Selain itu, Kelainan ini dapat diobati secara simtomatis karena belum ada obat yang dapat memperbaiki koordinasi fungsional antara bagian-bagian uterus. Usaha-usaha yang dapat dilakukan ialah mengurangi tonus otot dan mengurangi ketakutan penderita. Hal ini dapat dilakukan dengan pemberian analgetika, seperti morphin, pethidin dan lain-lain. Akan tetapi persalinan tidak boleh berlangsung berlarut-larut apalagi kalau ketuban sudah pecah. Dalam hal ini pada pembukaan belum lengkap,perlu dipertimbangkan seksio sesarea. Lingkaran konstriksi dalam kala I biasanya tidak diketahui, kecuali klau lingkaran ini terdapat di bawah kepala anak sehingga dapat diraba melalui kanalis servikalis.

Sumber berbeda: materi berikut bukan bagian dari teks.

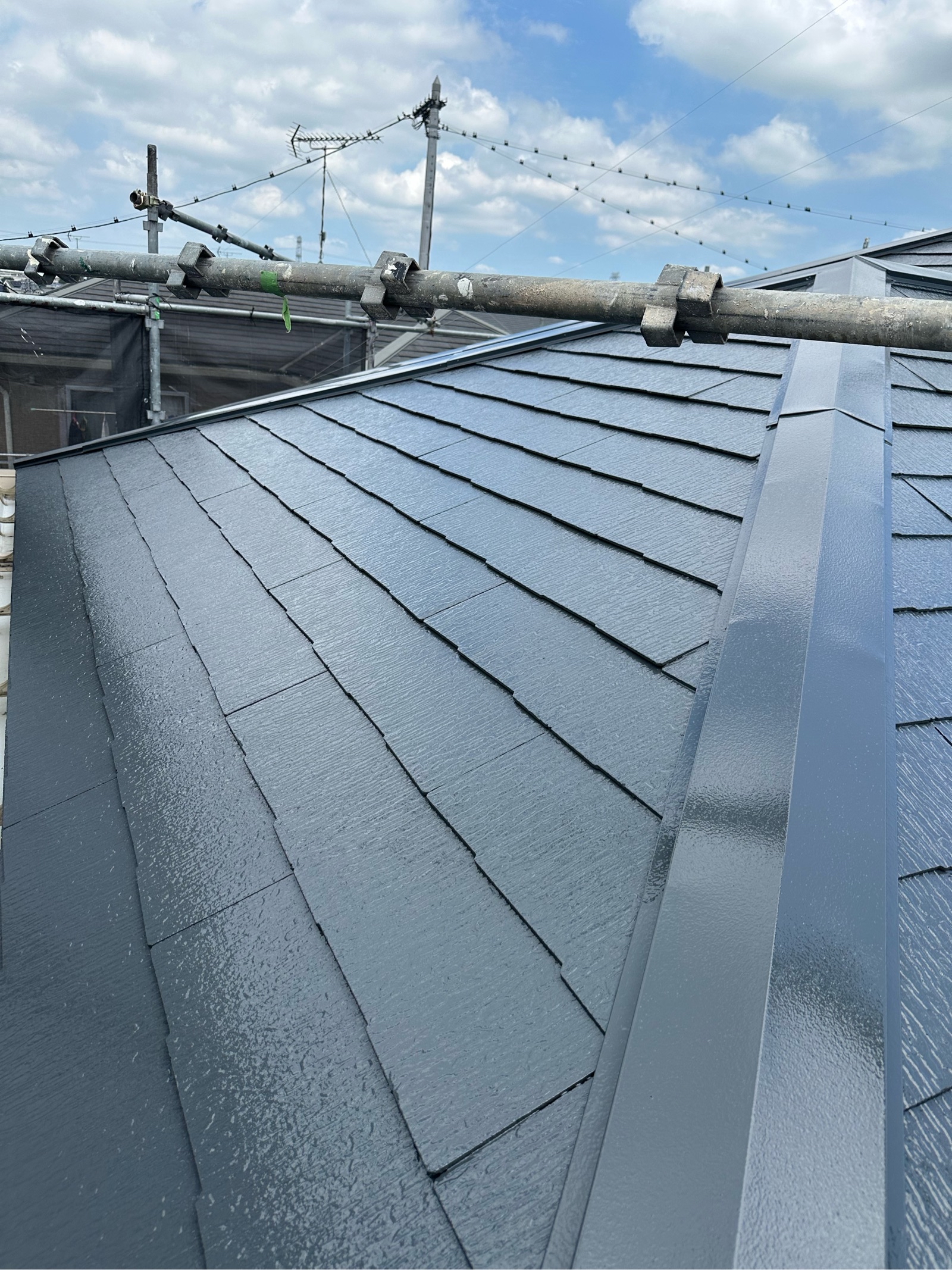 坂戸市片柳にて外壁・屋根塗装を施工!外壁は3色で塗り分けしました!幕板を締め色にモダンで素敵な仕上がりに!遮熱塗料使用

Jikalau diagnosis lingkaran konstriksi dalam kala I dapat dibuat persalinan harus diselesaikan dengan seksio sesarea. Biasanya lingkaran konstriksi dalam kala II baru diketahui, setelah usaha melahirkan janin dengan cunam gagal. Dengan tangan yang dimasukkan ke dalam cavum uteri untuk mencari sebab kegagalan cunam, lingkaran konstriksi, mudah dapat diraba. Dengan narkosis dalam, lingkaran tersebut kadang-kadang dapat dihilangkan, dan janin dapat dilahirkan dengan cunam. Apabila tindakan ini gagal dan janin masih hidup, terpaksa dilakukan seksio sesarea.